The mid-domain effect doesn’t mean that we shouldn’t look for latitudinal diversity relationships, but we should recognize that they could be the result of randomness. Teasing the randomness from the pattern sometimes requires the use of a null model. In the case of the mid-domain effect, a null model would correspond to shuffling species ranges around and measuring the strength and variation in the resulting latitudinal diversity relationship. We also talked about null models a bit when we discussed ecological networks (specifically the importance of a single node to a property of the entire network).

What is the theory of island biogeography?

As discussed above with respect to patch occupancy in metapopulations, the theory of island biogeography attempts to explain the colonization and extinction of species (and subsequently the species richness of islands) as a function of island area and distance from the mainland. These two things influence the number of species that can colonize and persist on a given island, as distance from a mainland source is proportional to species dispersal and colonization probability and island area controls the population size attainable by a given species, and thus influences extinction rate. That is, the theory is based on the relationship between distance from the mainland (colonization rate) and island area (extinction rate) in determining the number of species that an island contains. This is fundamentally related to a metapopulation, as the structure of the landscape is the same. That is, a metapopulation consists of habitat patches connected by dispersal but within an inhospitable landscape. The theory of island biogeography assumes the same, originally developed to explain the number of species on isolated islands.

This assumes that all islands are reachable by every species in the community with a non-zero probability, and is spatially-implicit (i.e., the actual locations of habitat patches are not considered).

Species-area relationships

One clear extension, and honestly the original purpose of island biogeography theory, is the study of species-area relationships. The idea here is that increasing geographic area results in a greater number of unique species able to occupy the patch.

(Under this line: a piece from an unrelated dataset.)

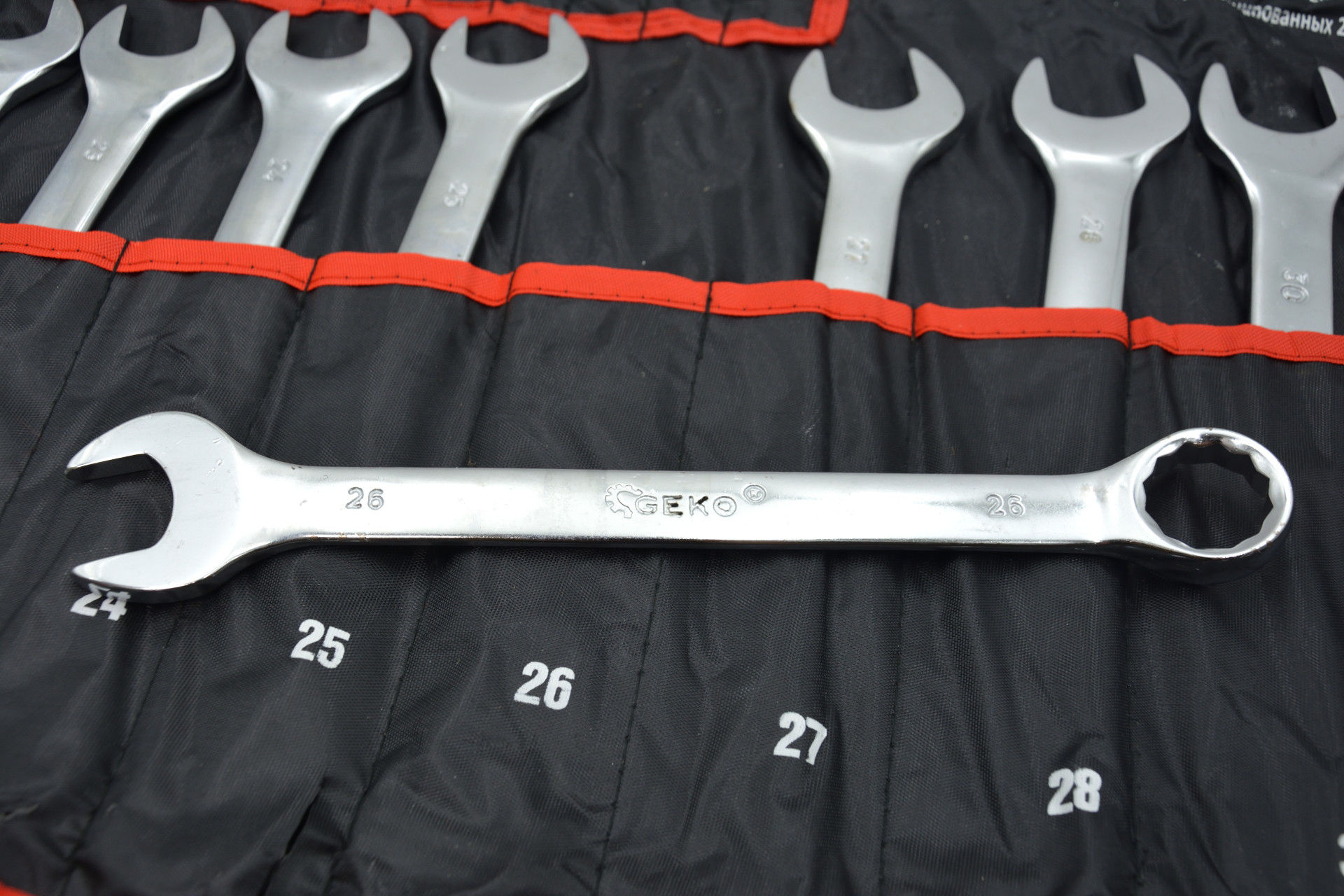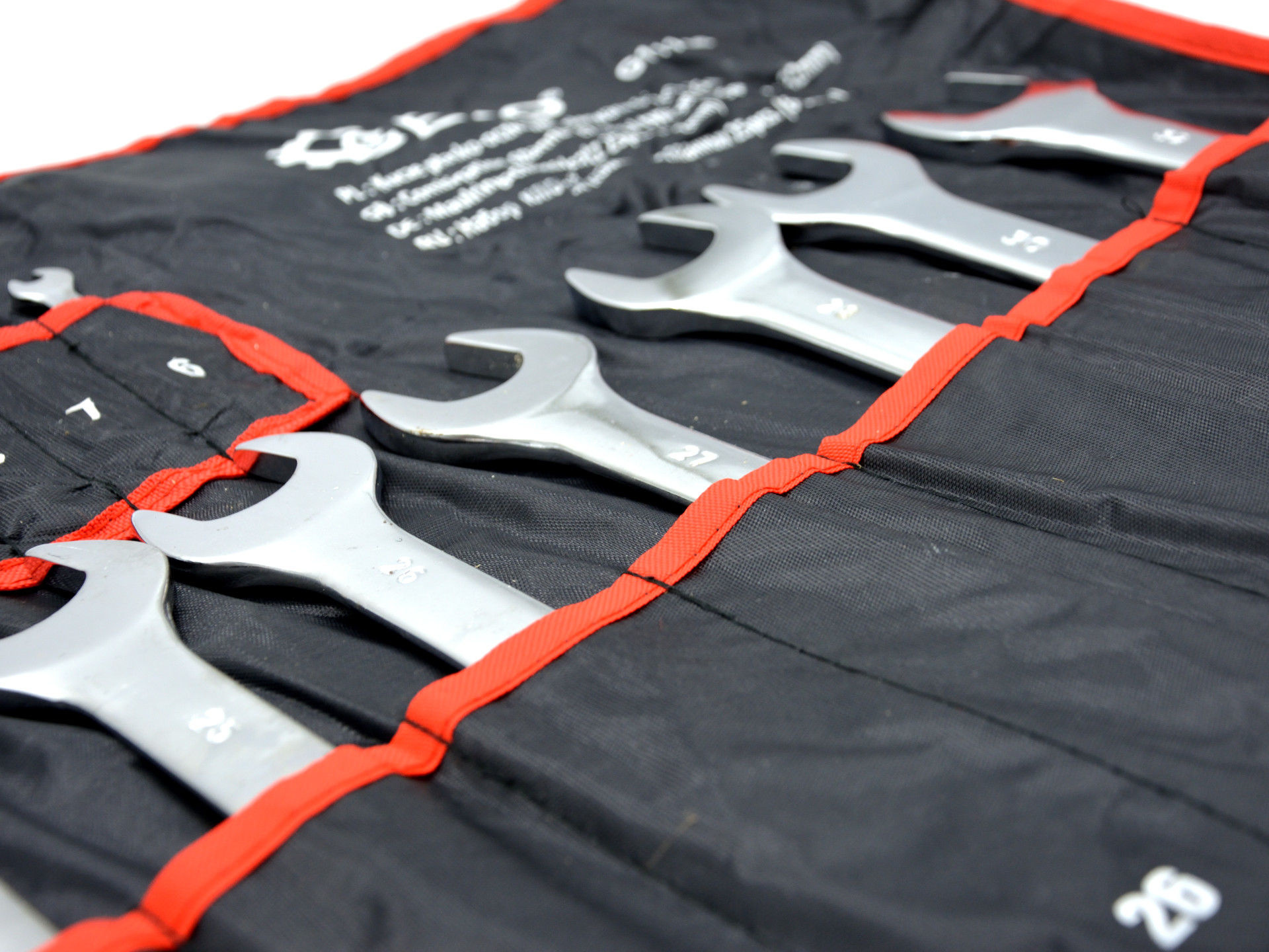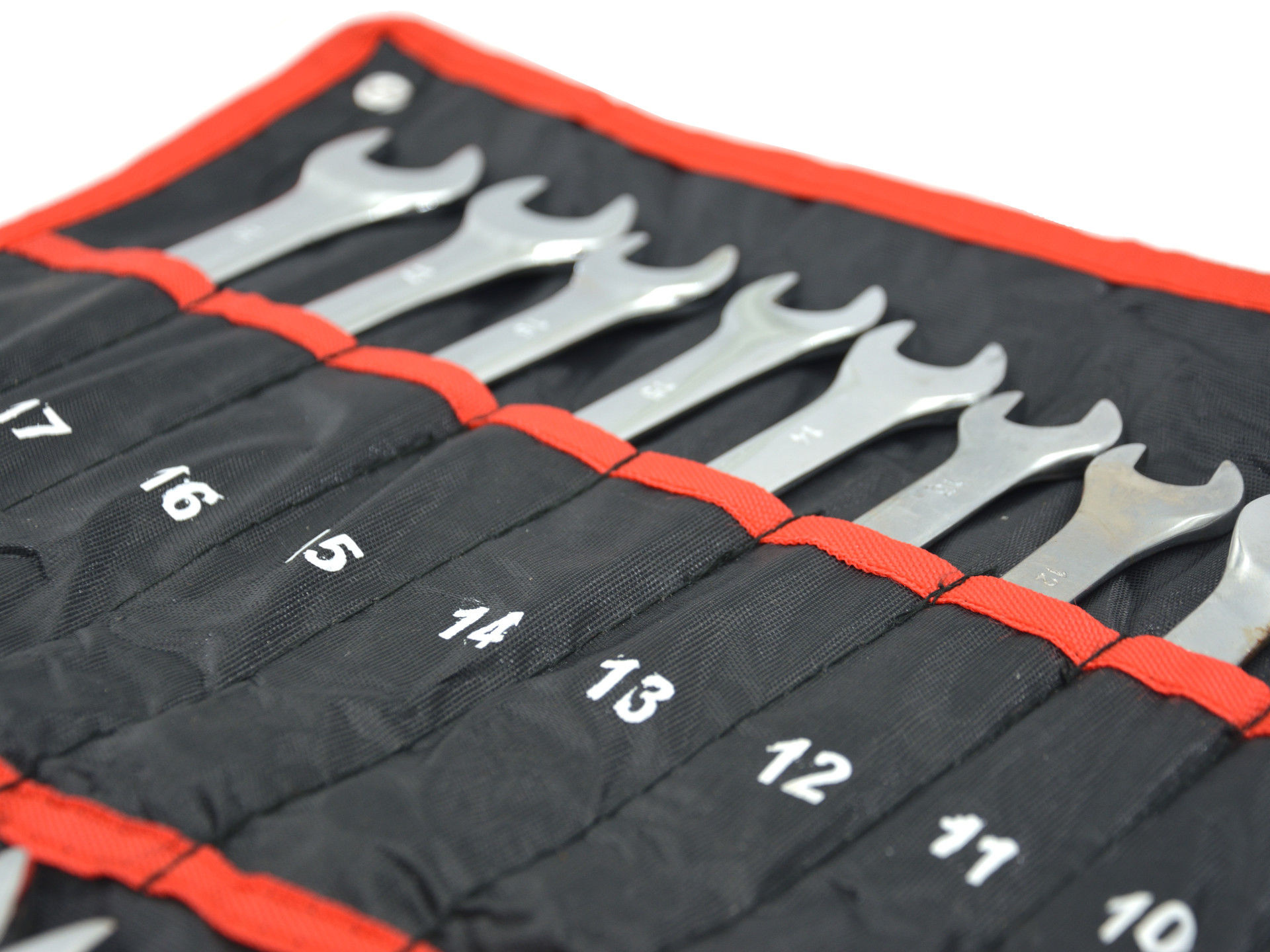 Sada očkoplochých klíčů je zabalena v pohodlném rolovacím pouzdře, díky kterému zabírá málo místa. Otvory v horních rozích pouzdra umožňují pověsit klíče na zeď.

Species-area relationships exist in two different forms, depending on how the data are structured. The most related to island biogeography theory is the “island” species-area relationship, where a set of discontiguous habitats are studied, and the area of each patch is related to species richness in that patch. The second – called the “mainland” species-area relationship – considers a contiguous habitat where patches are nested within another.

\[ S = cA^{z} \]

where \(S\) is the number of species, \(A\) is patch area, \(z\) describes the shape of the relationships, and \(c\) is a constant. \(c\) actually describes the number of species we would expect to find in one unit of sampling area (whatever the unit is in the study).